Ultimately, the conservation of Kemp’s ridley sea turtle hinges on our ability to maintain the multi-decadal perspective that has characterized recovery efforts since the 1960s. The challenges confronting the species are real and multifaceted: a population trajectory that has stalled since 2010 [44,61], the lingering sublethal effects of a major oil spill [6,29], and interruptions in long-standing collaborative frameworks for data sharing [27,62]. Yet the dedication of Mexican conservation teams at Rancho Nuevo continues uninterrupted, and the species’ remarkable resilience—demonstrated by its recovery from the brink of extinction in the 1980s—should not be underestimated. Our findings reinforce that with sustained commitment to both in situ protection and statistically robust monitoring, informed by rigorous analytical approaches, Kemp’s ridley story can continue to be one of hope rather than despair. The fluctuations we document are not a cause for alarm, but rather a powerful reminder that demographic monitoring must be perpetual, adaptive, and scientifically grounded to guide this critically endangered species through an uncertain and changing Gulf of Mexico.

5. Conclusions

This study provides a statistically robust analysis of interannual variations in straight carapace length (SCL) of nesting Kemp’s ridley sea turtles at Rancho Nuevo Sanctuary, Mexico, across six nesting seasons (2018–2023). Our comprehensive validation of statistical assumptions—demonstrating approximate symmetry of distributions (G₁ ≤ 0.5) and variance–mean independence (Taylor’s b = −1.08, R² = 0.021)—confirms that the arithmetic mean is a reliable estimator and that parametric tests are appropriate for this dataset.

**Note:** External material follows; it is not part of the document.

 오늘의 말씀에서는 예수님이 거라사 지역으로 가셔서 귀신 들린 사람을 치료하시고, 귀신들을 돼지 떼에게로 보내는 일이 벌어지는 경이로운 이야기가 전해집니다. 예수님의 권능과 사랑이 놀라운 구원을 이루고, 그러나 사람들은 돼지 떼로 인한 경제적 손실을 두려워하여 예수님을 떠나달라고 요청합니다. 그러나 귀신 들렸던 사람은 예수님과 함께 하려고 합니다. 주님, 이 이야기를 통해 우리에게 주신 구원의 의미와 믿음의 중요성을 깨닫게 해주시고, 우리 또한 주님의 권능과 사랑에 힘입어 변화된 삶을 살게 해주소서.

We found highly significant interannual differences in mean SCL (p < 0.001), with the lowest values in 2020 (59.01 ± 1.79 cm) and 2022 (60.68 ± 1.47 cm), and higher means in 2018, 2019, 2021, and 2023. The absence of a significant linear decline (p = 0.78) refutes the hypothesis of a sustained, unidirectional reduction in body size and supports an interpretation of discrete recruitment pulses rather than a secular trend.

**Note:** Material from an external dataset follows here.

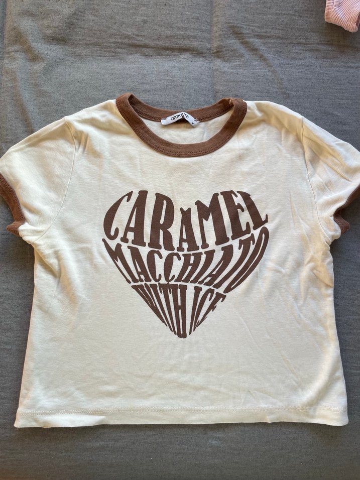 Kısa kollu, yuvarlak yaka pamuklu tişört, karamel desenli baskıyla rahat ve trend bir görünüm sunar.

The temporal pattern of smaller SCL means in 2020 and 2022 is consistent with years dominated by first-time nesters (neophytes), and the timing corresponds to the maturation of cohorts hatched approximately 2008–2012, those that experienced early juvenile development in the aftermath of the 2010 DWH oil spill. This suggests the spill may have influenced growth trajectories or age-structure dynamics in ways now manifesting as phenotypic shifts. However, the return to higher mean SCL in 2023 indicates these fluctuations represent interannual demographic variability rather than permanent population-wide size reduction.

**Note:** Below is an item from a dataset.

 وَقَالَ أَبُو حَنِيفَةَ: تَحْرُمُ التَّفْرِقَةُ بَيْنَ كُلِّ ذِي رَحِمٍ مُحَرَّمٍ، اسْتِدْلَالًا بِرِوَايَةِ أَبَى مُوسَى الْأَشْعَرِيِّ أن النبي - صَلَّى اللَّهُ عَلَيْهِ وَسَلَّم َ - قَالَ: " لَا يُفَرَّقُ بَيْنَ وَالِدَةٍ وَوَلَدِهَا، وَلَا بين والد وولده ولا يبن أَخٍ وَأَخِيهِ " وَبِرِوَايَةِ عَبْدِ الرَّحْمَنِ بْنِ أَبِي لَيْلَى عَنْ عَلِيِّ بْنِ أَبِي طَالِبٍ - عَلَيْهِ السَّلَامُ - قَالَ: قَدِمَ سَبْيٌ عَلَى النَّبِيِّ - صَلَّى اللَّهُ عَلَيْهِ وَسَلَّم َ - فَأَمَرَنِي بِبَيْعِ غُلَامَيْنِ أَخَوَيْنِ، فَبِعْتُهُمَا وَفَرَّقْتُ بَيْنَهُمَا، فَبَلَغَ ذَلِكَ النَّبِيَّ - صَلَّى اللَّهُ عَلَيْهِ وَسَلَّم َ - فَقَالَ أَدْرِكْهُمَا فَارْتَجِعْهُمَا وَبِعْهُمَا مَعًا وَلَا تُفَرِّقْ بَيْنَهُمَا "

Critically, our findings underscore the value of morphometric monitoring in an era of institutional uncertainty. Given the interruption of index beach abundance time series since 2023, continuous, statistically validated SCL data serve as an essential tool for detecting shifts in recruitment dynamics and age structure. The stall in population growth since 2010, coupled with this monitoring crisis, necessitates urgent restoration of collaborative frameworks to ensure conservation decisions are guided by robust scientific evidence.

Ultimately, fluctuations in SCL reflect the complex interplay between historical legacy, acute disturbances, and ongoing environmental pressures. Their primary message for conservation is not alarm about smaller females, but reinforcement of the fundamental priority: ensuring survival of every turtle, at every stage, in a Gulf of Mexico under more responsible and preventive human management.